A heaviness pulled at me. I felt like I'd been turned to lead and my feet buried beneath the earth. I couldn't move my arms or legs, could only shake and shudder and try to gulp down mouthfuls of oxygen. My lungs were on fire, desperate for air.

It slammed into me where I'd seen the stranger before. Yesterday I'd seen him shifting furniture from a shipping container, and later that night he was in the marquee, a nail gun dangling between his fingers while he watched Danne spin me around the dance floor.

This time he was wearing a black tuxedo as if he belonged to one of the Houses. As if he belonged here amongst us. But I knew he didn't.

Gravity tugged at me and I pitched sideways, tipping over. The stranger leaned with me, his movement graceful and fluid as if both of us had danced this way for an eternity. He slid one arm around my back and the other behind my knees, drawing us down together. He knelt on the floor, cradling me in his arms, and in a mockery of an intimate moment, settled me in his lap as if we were lovers, murmuring gentle, soothing sounds as I'd just done for Graysen. His warm hand tenderly brushed the strands of hair away from where it had fallen across my eyes. There was a slight accent in his voice that I detected and yet couldn't place. "You're going to sleep for a while now...and when you awake, everything will be as it should."

I struggled for breath. My chest heaved and my body twitched in his arms. I was drowning beneath the surface of a waterless ocean. My legs sluggishly kicked for the surface, scrabbling through shards of glass and splintered wood and porcelain dust.

Darkness blotted the edges of my blurred vision.

I was dying. Slowly, surely, I was going to suffocate!

The stranger gazed down at me and smiled. It was breathtaking, that smile, and lit his curiously blue eyes with reverent awe as if he couldn't believe it himself—that he was finally smiling at me, holding me. He bowed his head, his mouth an inch from mine, and then he closed the gap.

His lips were soft and gentle when he covered my mouth with his own. I thought he was going to kiss me, and I waited for him to push his tongue in, invade my mouth and steal the last of my life. Kiss me while I died in his arms. Instead, he blew in a breath of air. My throat greedily swallowed it down. His breath was infused with magic and I could feel it sparking through the oxygen he'd given me, soothing the lick of flames burning my throat. The crushing pressure in my lungs eased and the organ swelled again.

His mouth still fused with mine, I sucked in a sharp breath, stealing the air from him.

He abruptly jerked back staring down at me with shock.

But I could breathe.

I could breathe!

The softness in his gaze sharpened to an angry storm and his fingers tightened around my shoulder.

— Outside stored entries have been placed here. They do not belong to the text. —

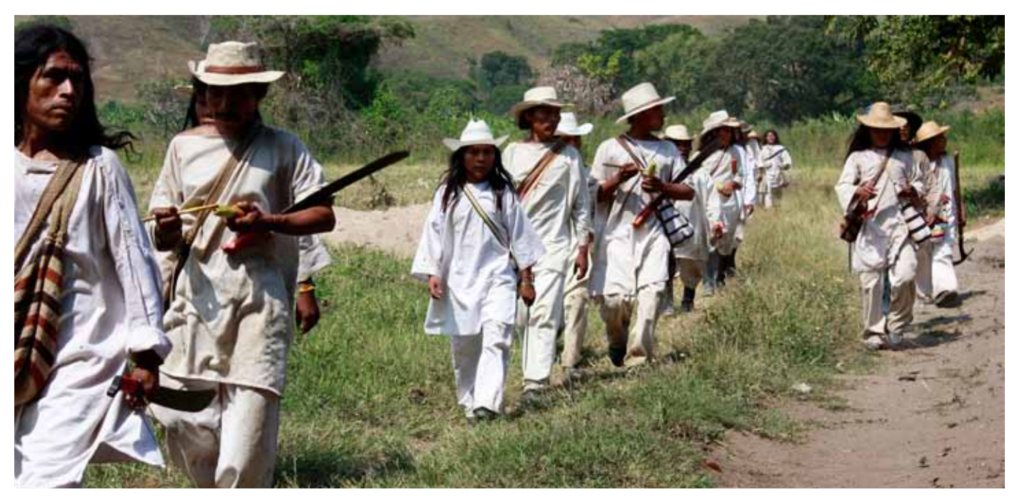
CCAJAR provides legal consultation to the Wiwa indigenous community.
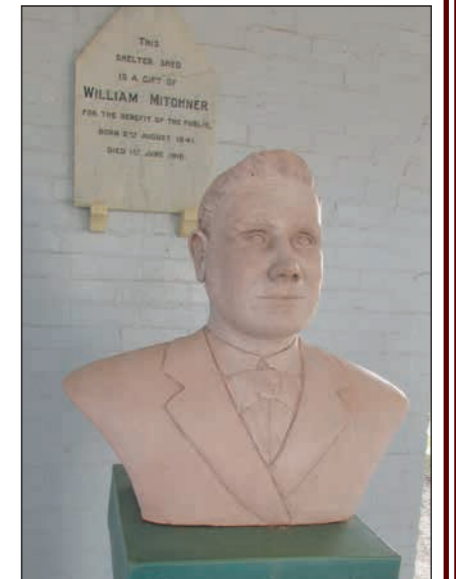
The William Mitchner bust at the Allora cemetery.

At the last meeting of the Allora Municipal Council, the Mayor (Ald. F. Kates) moved with the view of promoting the advancement of the town, that it was desirable that the Council should erect a public flour mill in a central part of the town, under the
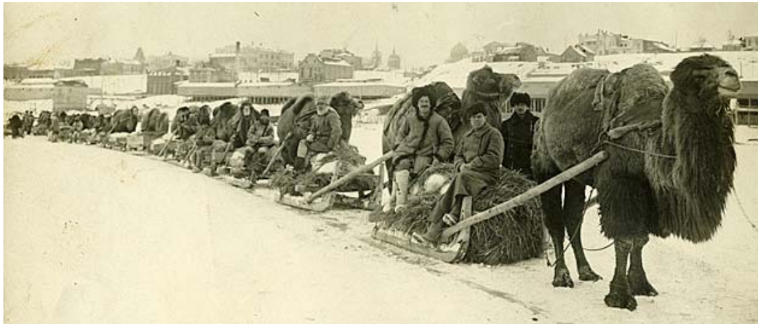
Fig. 4. Camel convoy on the frozen Volga in Tsaritsyn

In 1921, famine of potentially catastrophic proportions impelled the Bolshevik government to work with the Hoover Food Aid program. It worked because Hoover realized that while agricultural production was crippled by war and civil war, the real problem of avoiding famine was the need to provide transportation through a chaotic and strife-torn rural landscape. That he did, using his expertise as a civil engineer with knowledge of the Russian terrain. He was not alone. There were many other European and local agents who made a difference. Together, they were able to save the lives of a generation of children in Russia, Ukraine and Byelorussia (Fig. 4)
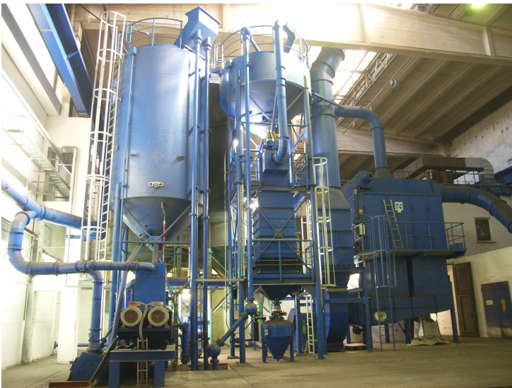
figure 1: mechanical reclamation with a filter plant

The task in most cases includes an entire moulding plant including mixer (figure 1), reclamation and dedusting plant (figure 1).
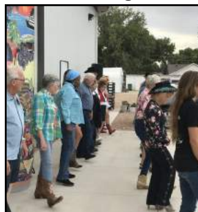
Some brave 'soles' learning how to line dance!
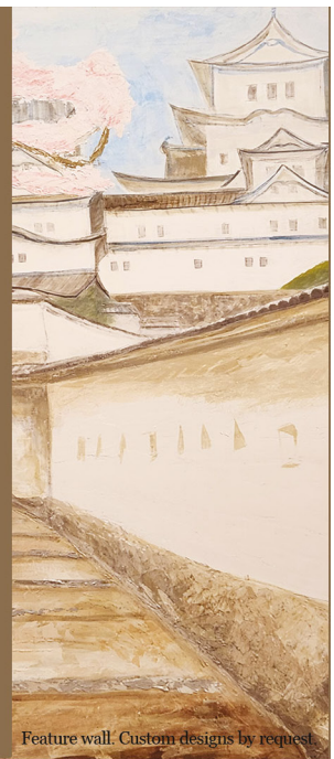
Feature wall. Custom designs by request.
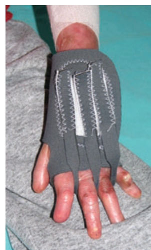
Image 42 Splint to prevent webbing in RDEB.

Nutritional support: Proactive nutritional support aids resistance to infection, growth and sexual maturation, wound healing, and over-

However, whatever was in that dust was dragging me under.

My eyelids were too heavy to keep open. I tried...I tried hard to keep a sliver of sight. But my vision narrowed until all I saw were blue eyes. The startling bright blue of a kingfisher...and then nothing as my eyelids fluttered shut. But for the moment I could still hear.

"His scent is all over her...I can't...I can't be near her..." His voice was strained with bitterness and panic. "She's tasted his blood... If she should mate with him... Mark him, claim him...he'll corrupt her..."

I was passed to someone else. Someone I'd once thought nice, comfortable, and safe.

The man with the kingfisher-blue eyes said, "Take her to the Ayrion. I'll meet you there soon afterward."

"And my debt?" asked the man who'd betrayed me as his hands curled around my body possessively.

"Will be at an end."

And then I fell, fell, fell into darkness.